Sequence™ is a global life sciences company advancing healing through the ethical manufacturing and distribution of high-quality human tissue products. Our brand is built on decades of combined expertise in tissue banking, regenerative biologics, orthopedic innovation, and quality systems. Every product we manufacture reflects our commitment to the donors who made it possible and the patients who depend on it. www.sequencelifesci.com

 

Forward-Looking Statement

 

This press release contains “forward-looking statements” within the meaning of Section 27A of the Securities Act of 1933, as amended, and Section 21E of the Securities Exchange Act of 1934, as amended (the “Exchange Act”) (which Sections were adopted as part of the Private Securities Litigation Reform Act of 1995). Statements preceded by, followed by or that otherwise include the words “believe,” “anticipate,” “estimate,” “expect,” “intend,” “plan,” “potential,” “project,” “prospects,” “outlook,” and similar words or expressions, or future or conditional verbs, such as “will,” “should,” “lends,” “would,” “may,” and “could,” are generally forward-looking in nature and not historical facts.. These forward-looking statements involve known and unknown risks, uncertainties and other factors which may cause the Company’s actual results, performance, or achievements to be materially different from any anticipated results, performance, or achievements for many reasons. The Company disclaims any intention to, and undertakes no obligation to, revise any forward-looking statements, whether as a result of new information, a future event, or otherwise. For additional risks and uncertainties that could impact the Company’s forward-looking statements, please see the Company’s Annual Report on Form 10-K for the year ended December 31, 2025, including but not limited to the discussion under “Risk Factors” therein, which the Company filed with the SEC and which may be viewed at http://www.sec.gov/.

 

Investor Contacts:

 

Valter Pinto, Managing Director

KCSA Strategic Communications

212.896.1254

Nexgel@KCSA.com

 

 

FAQ

What board changes did NEXGEL (NXGL) announce on May 6, 2026?

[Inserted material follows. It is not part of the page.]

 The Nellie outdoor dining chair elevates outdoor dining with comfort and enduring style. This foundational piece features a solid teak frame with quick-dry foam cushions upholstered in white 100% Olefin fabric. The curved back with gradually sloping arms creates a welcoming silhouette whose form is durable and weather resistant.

NEXGEL appointed Brian J. Kieser and Kevin M. Harris, both senior executives at Sequence LifeScience, to its board of directors. They will serve until the next annual stockholders’ meeting or until successors are elected and qualified, receiving compensation consistent with other non‑employee directors.

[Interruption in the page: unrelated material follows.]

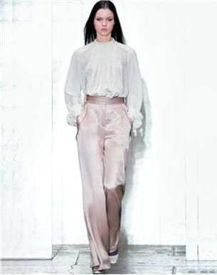 Chez Vanessa Bruno, les couleurs d'hiver sont douces, à l'image de cet ensemble pastel. La blouse à plastron plissé en crêpe de Chine ivoire se porte rentrée dnas un pantalon large taille haute en satin de viscose de couleur chair.

How is Sequence LifeScience financially involved with NEXGEL (NXGL)?

Sequence received an unsecured convertible promissory note with original principal of $5,500,000, convertible at $0.60 per share into up to 9,166,667 NEXGEL common shares, plus a warrant exercisable for up to 4,583,334 shares at an initial exercise price of $0.80 per share.

What financing did NEXGEL provide directly to Brian Kieser?

On May 11, 2026, NEXGEL issued Brian Kieser an unsecured convertible promissory note with original principal of $1,000,000, convertible at $0.60 per share into up to 1,666,667 shares, along with a warrant exercisable for up to 833,334 shares at an initial exercise price of $0.80 per share.

Why are the NEXGEL financing deals with Sequence and Brian Kieser related‑party transactions?

Brian Kieser is the Chief Executive Officer and indirect sole owner of Sequence, so he may be deemed to have an indirect material interest in Sequence’s note and warrant. He also has a direct material interest in his personal note and warrant, triggering disclosure under Item 404(a) of Regulation S‑K.

How are the new NEXGEL directors compensated for board service?

The filing states that Brian Kieser and Kevin Harris did not receive compensation for their initial appointments. Going forward, each is entitled to compensation for board service consistent with what NEXGEL pays other non‑employee directors, as determined by the board from time to time.

What connection does the Sequence financing have to NEXGEL’s Celularity acquisition?

The company explains that the April 17, 2026 financing involving Sequence was entered into in connection with financing and transactions for acquiring certain Celularity Inc. assets and licenses. NEXGEL calls this a milestone transaction and notes Sequence led the related $5,500,000 strategic investment.